Местечковый романс (Канович) - страница 252

— Ну, дай Бог, чтобы нас не выдворили, — выдохнул привыкающий к неожиданным козням судьбы маловер Велвл.

— Могут не выдворять, а просто пригнать на соседний путь другой состав, пересадить туда всех партработников и командирских жён, а нас оставить с носом. Разве такой вариант не возможен? — поделился своими сомнениями предусмотрительный отец.

— Всё в руках нашего Всемилостивого Господа. То, что будет, от нас уже не зависит, — промолвил Жабинский, который стоял в проходе и молился.

Я переминался с ноги на ногу рядом с ним и думал, что, если русских пассажиров с детьми на самом деле пересадят в другой поезд, а нас оставят тут и запрут двери, то этот вагон станет нашей тюрьмой, а может, и могилой. Налетят немецкие ястребы и в два счёта разбомбят всё. Но я помнил совет бабушки Рохи — дурными мыслями негоже делиться с другими, у всех, мол, полно своих бед, их у каждого столько, что грешно к ним прибавлять ещё и свои. Я ни с кем и не делился. Может, от этого они ещё больше меня угнетали. Была среди них и такая: что стало с бабушкой? Видно, Господь Бог не удостоил её последней милости — лечь на кладбище рядом с дедом Довидом. Наверное, её уже убили. Содрогаясь, я рисовал в уме самые мрачные картины: бабушка Роха лежит у порога дома на Рыбацкой улице с простреленной головой, в луже крови, а люди проходят, как мимо кошки, попавшей под колёса. Почему мама и отец ни разу за все эти дни нашего вынужденного странствия не вспомнили о ней? Забыли? Не может быть, успокаивал я себя, они помнят, не могут не помнить, только вслух о ней не говорят, молча корят себя и страдают от того, что не сумели уговорить бабушку или просто заставить уехать с нами.

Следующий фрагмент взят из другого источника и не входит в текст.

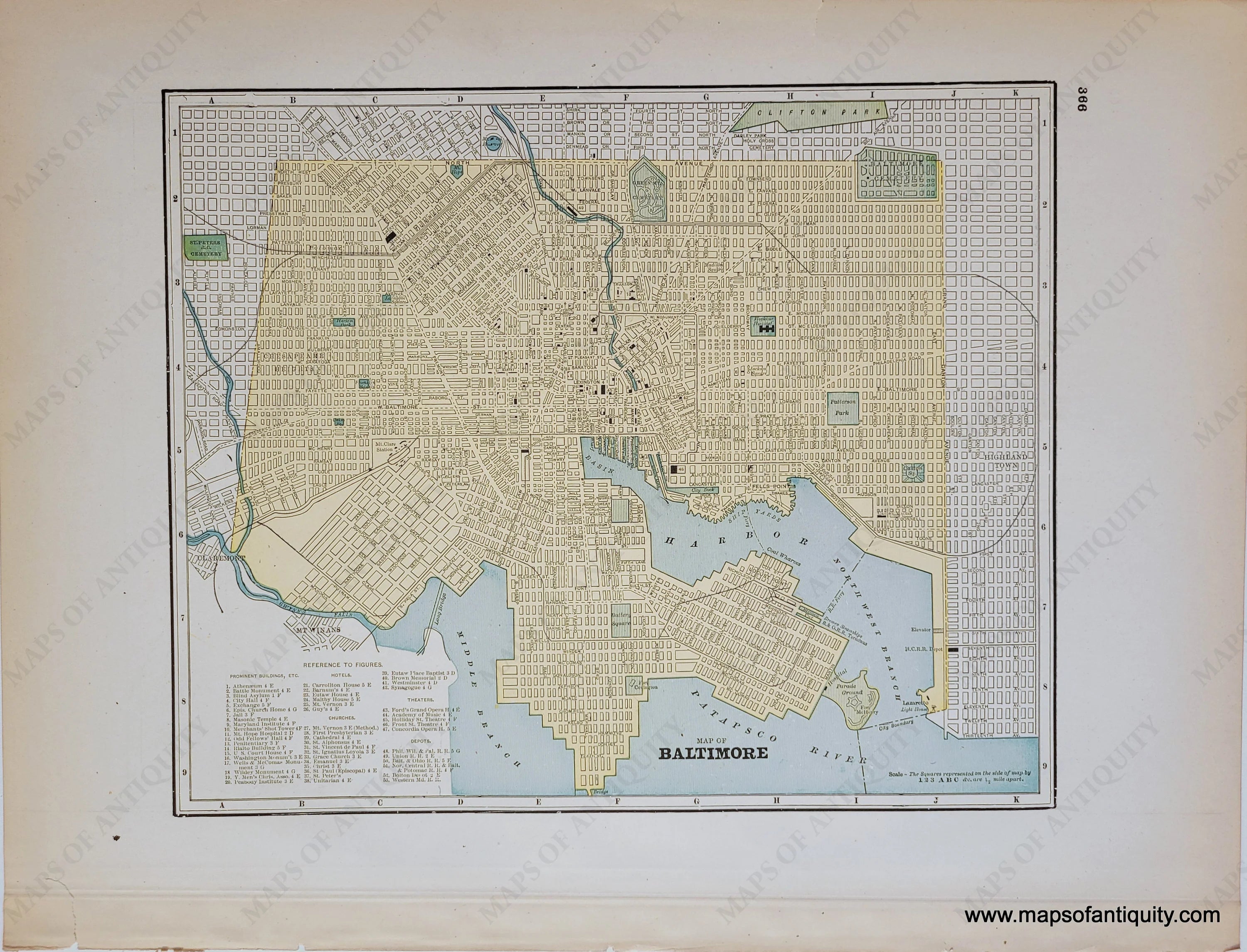 Antique double-sided printed color city plan, by Geo. Cram, circa 1900. Map of Brooklyn NY on one side and map of Baltimore MD on the reverse. Very good overall antique condition with toning at edges and some minor stains mostly in margins. Brooklyn map measures 10 x 11 inches to the neatline. Text on the right side lists elevated railroad stations and the various districts. Baltimore map measures approx. 10 x 12.5 inches
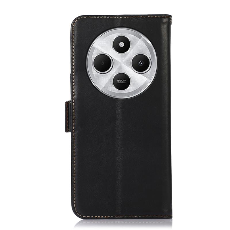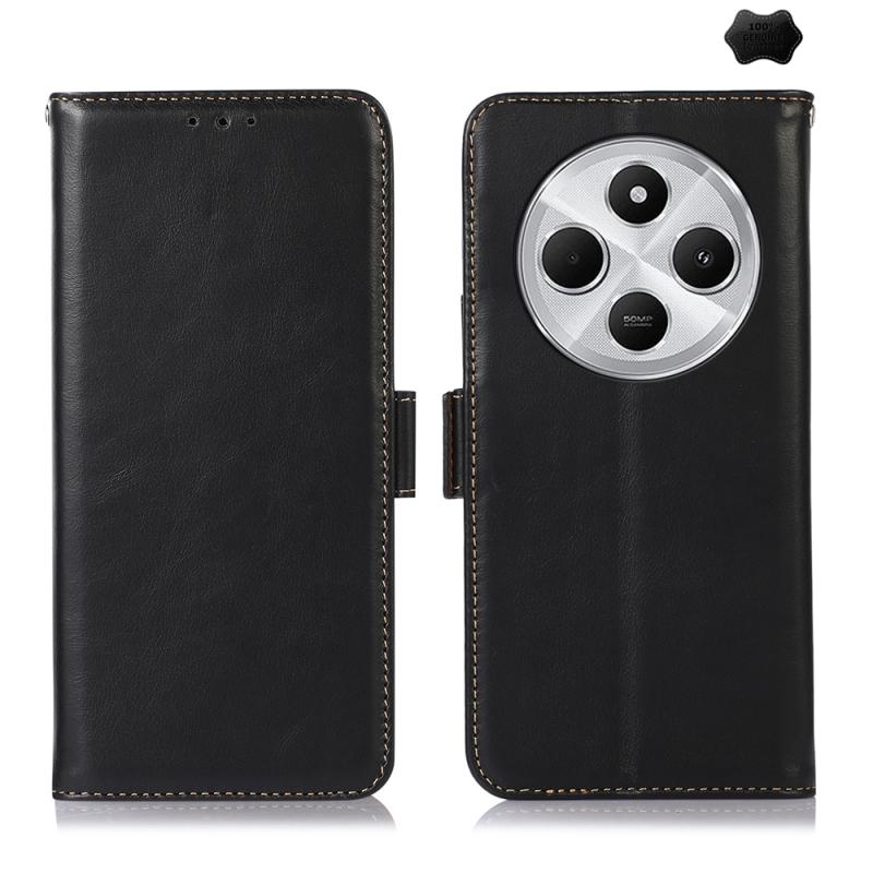For Redmi 14C 4G Magnetic Crazy Horse Texture Genuine Leather RFID Phone Case(Black)
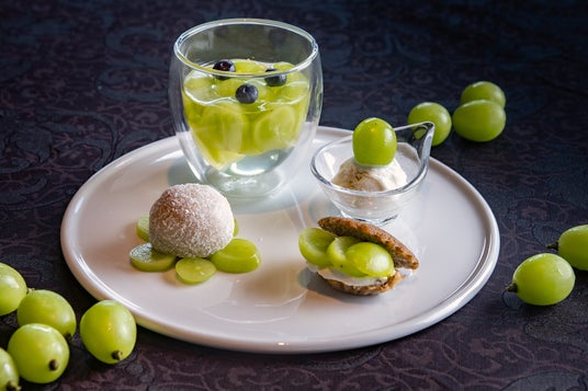 梅田スカイビル(大阪市北区)39Fの中国料理 燦宮では、弾ける口当たりとあふれ出る果汁が魅力のシャインマスカットを使用したデザートが楽しめるコースを販売いたします。

Долго, очень долго мы ждали, когда поезд тронется. Спасибо всё время молившемуся Меиру Жабинскому — он, должно быть, сумел поторопить Господа. Не по Его ли велению машинист, насытившись паровозными гудками, нажал наконец на рычаг, поезд двинулся вперёд, и мы распрощались с Латвией?

Глубокой июньской ночью, усталые, но полные надежд мы пересекли границу России.

Утром мама рассказала, что все беженцы, не считая детей, уснувших мёртвым сном на жёстких полках, припали к вагонным окнам и стали смотреть на звёздное русское небо. Не стыдясь друг друга, они вытирали рукавами победные слёзы. Только Меир Жабинский раскачивался из стороны в строну и не выпускал из рук молитвенник.

— Неужели в России нет ни одной приличной ешивы? — по-прежнему допытывался он.

…Четыре трудных года мы с мамой (отца тут же призвали в армию и отправили на подготовку в Балахну) провели на чужбине: сначала в глухой деревне под Ярославлем, где остались одни полуголодные дети, старики и женщины, а также не призванные из-за увечья в армию мужчины, потом в казахском ауле у подножия Тянь-Шаня и напоследок на Урале — в шахтёрском посёлке Еманжелинские копи.